Nicolas : Dans le premier chapitre du groupe, nous avions énormément d’idées, mais très peu de moyens pour les concrétiser. Cette fois, nous avons pu vraiment nous « lâcher ». Nous essayons toujours de trouver un équilibre dans ce que nous faisons. Nous n’allons pas mettre quelque chose juste pour le mettre. Si nous le mettons, c’est parce que nous estimons que nous devons le mettre dans un titre. Avec toute cette technologie, nous avons vraiment pu concrétiser tout un tas d’idées que nous estimions vouloir inclure. Nous avons mis beaucoup de choses dans cet album. Il y a énormément d’idées. Il y a des sous-chapitres – nous en parlerons peut-être tout à l’heure – qui rappellent d’ailleurs un peu ceux qu’il y avait sur The Perpetual Motion qui était sorti en 2005. Nous nous sommes fait plaisir !
« C’est un album qui est assez exigeant, mais nous avons essayé de le rendre le plus abordable possible. L’auditeur a besoin de plusieurs écoutes pour entendre tout un tas de petits détails, mais je pense qu’immédiatement, sur chaque titre, il va voir où nous voulons en venir. »

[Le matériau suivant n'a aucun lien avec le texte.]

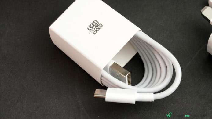▲而包裝盒底層就放入充電火牛及 USB 數據電源線,後者採用的是傳統 USB-A to USB-C 款式。
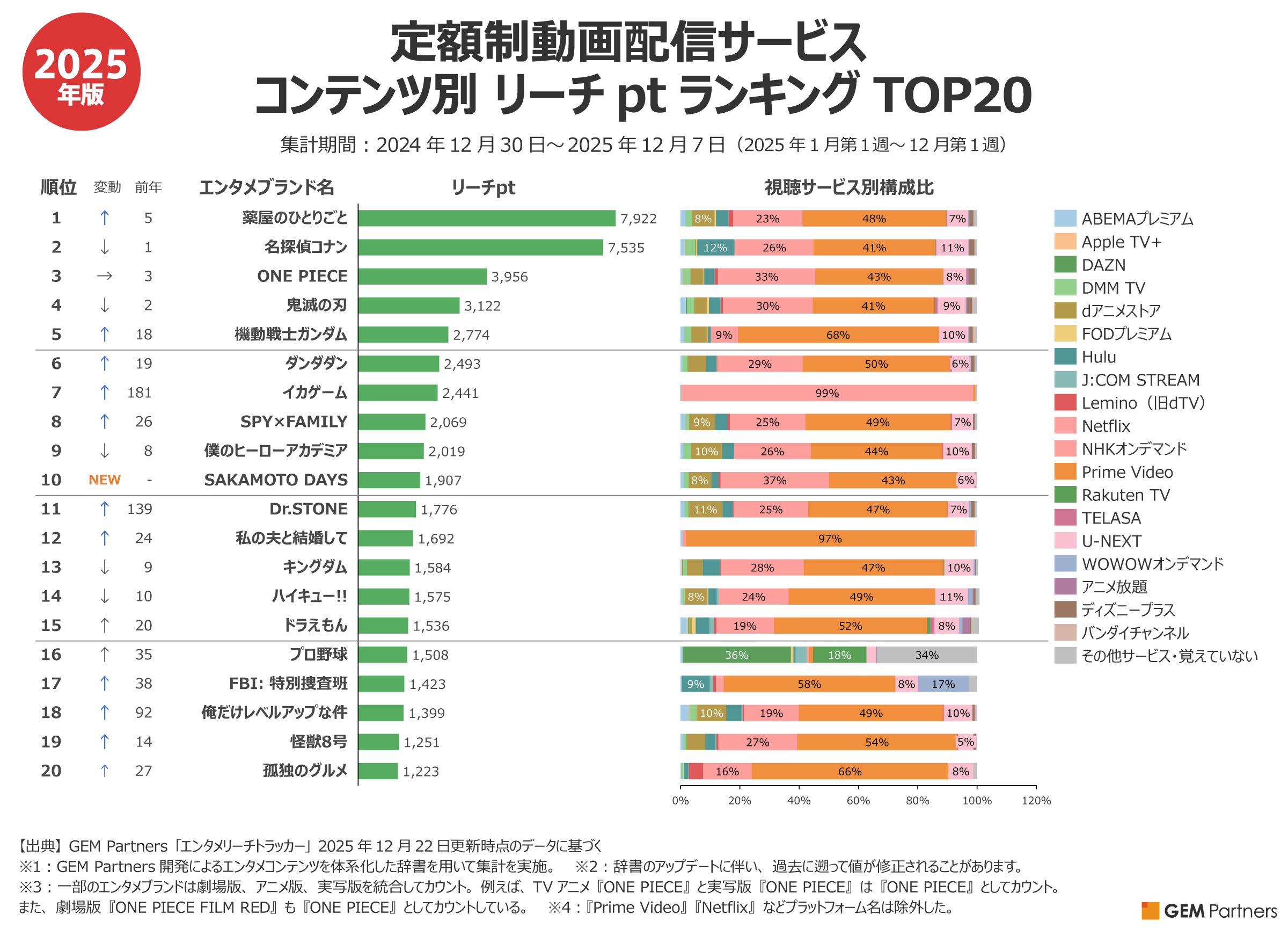 上記は、サービス横断で集計した定額制動画配信サービスのコンテンツ別リーチptランキングTOP20です。2025年の首位を獲得したのは『薬屋のひとりごと』でした。1月に始まったアニメ第2期の2クール連続配信によりリーチptを急激に伸ばし、前年比約3,500pt増の7,922ptを獲得。前年5位から上昇しました。視聴サービス構成比をみると、Prime Video(48%)、Netflix(23%)、dアニメストア(8%)となっています。また、TVアニメ第3期の第1クールが2026年10月から、第2クールが2027年4月から配信されることが発表され、来年以降のリーチ拡大にも期待が高まります。

Manuel : Ce que cet album apporte également, c’est que mine de rien, nos influences se sont enrichies depuis toutes ces années. Nous écoutons toujours un peu les mêmes trucs qu’à l’époque, mais nous en écoutons aussi de nouveaux. Nous nous sommes aussi enrichis de nos expériences avec d’autres musiciens dans d’autres formations. J’ai beaucoup appris avec Arkan, sur la composition avec Mus [El Kamal], le guitariste et principal compositeur, sur sa manière d’aborder les choses, mais aussi sur la manière de travailler. C’est-à-dire qu’il y avait un rapport à la musique qui était très différent et qui, au début, m’a beaucoup choqué : il jetait les idées aussi vite qu’elles arrivaient. C’était impressionnant de voir l’instabilité artistique de la chose, alors qu’il y a quinze ou vingt ans, dans The Old Dead Tree, nous avions tendance à sacraliser chacune des idées et à nous dire qu’elles étaient sorties comme ça et qu’il ne fallait pas les toucher. Aujourd’hui, toutes ces influences, à la fois artistiques et dans les manières de travailler, ont changé le visage de The Old Dead Tree. Il n’y a aucune vieille compo sur Second Thoughts. Il n’y a pas de vieille démo ou idée que nous aurions pu ramener l’un ou l’autre à un moment donné il y a cinq, dix ou quinze ans. Il n’y a vraiment que des choses qui ont été composées pour Second Thoughts dans les deux dernières années.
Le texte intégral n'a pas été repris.